Probably, the 3A rating is for a "nice", resistive load, such as light
blubs, while the derated 1A rating is for a "nastier" load, such as
flourescent lamps, transformers, and other things which are likely to
produce more of a spark/arc as you interrupt the supply.
Thanks for all the replies.
I have just bought a Danfoss-Randall TP9 Programmable Room Thermostat + H/W
Although I downloaded the installation instructions before buying it, I failed
to notice that it is only rated at 3(1)A.
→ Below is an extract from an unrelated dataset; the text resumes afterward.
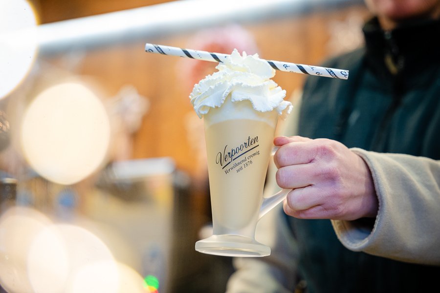 Willkommen in der Glühweinvielfalt! Ob weißer, roter oder mit Amaretto und Beeren versüßter Glühwein – wir bieten das Kultgetränk in vielen verschiedenen Ausführungen. Eines unserer Highlights ist sicher der Eierpunsch mit leckerem Verpoorten Eierlikör und einem Klecks Sahne.
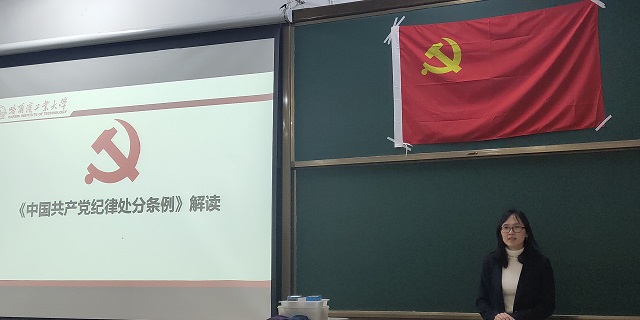 11月4日晚18:30分,材料-能源-人文-外国语-数学学院入党积极分子培训班第五讲在正心11进行。材料学院党委副书记张弛老师给大家进行了《中国共产党纪律处分条例》(下文简写为《条例》)的解读。

There is no label on my boiler to show the power consumption. All the boiler
instructions say is fit a 5A fuse, I changed this for a 3A fuse to match the
programmer. So far this has not blown.
I got out my multimeter. In round numbers the boiler draws 1.75A at for the
first 8 seconds when it starts (when the igniters are working) and 0.75A there
after when only the motor that drives the fan and oil pump is running. The
central heating water pump draws 0.25A.
The TP9 uses separate relays for the boiler and water pump.
My multimeter has a facility for recording peaks, but I suspect that this picks
up switching transients rather than any additional current that the motor might
draw at start-up.
Wouldn't worry, you're unnecessarily worrying yourself, it's designed
to switch boilers on and off, fit it, stick a 3amp fuse in the spur,
that's it. I've never come across an overloaded room stat or
Gas boilers take very little power(*) compared to a oil boiler. The OP
mentions 8 seconds and ignitors I'd take that to mean he has an oil
(*)Though the fan flued jobbies will take more than a normal open or
balanced flued thing where the only load is the gas valve. I still
doubt it matches the blower/high pressure pump of a oil boiler.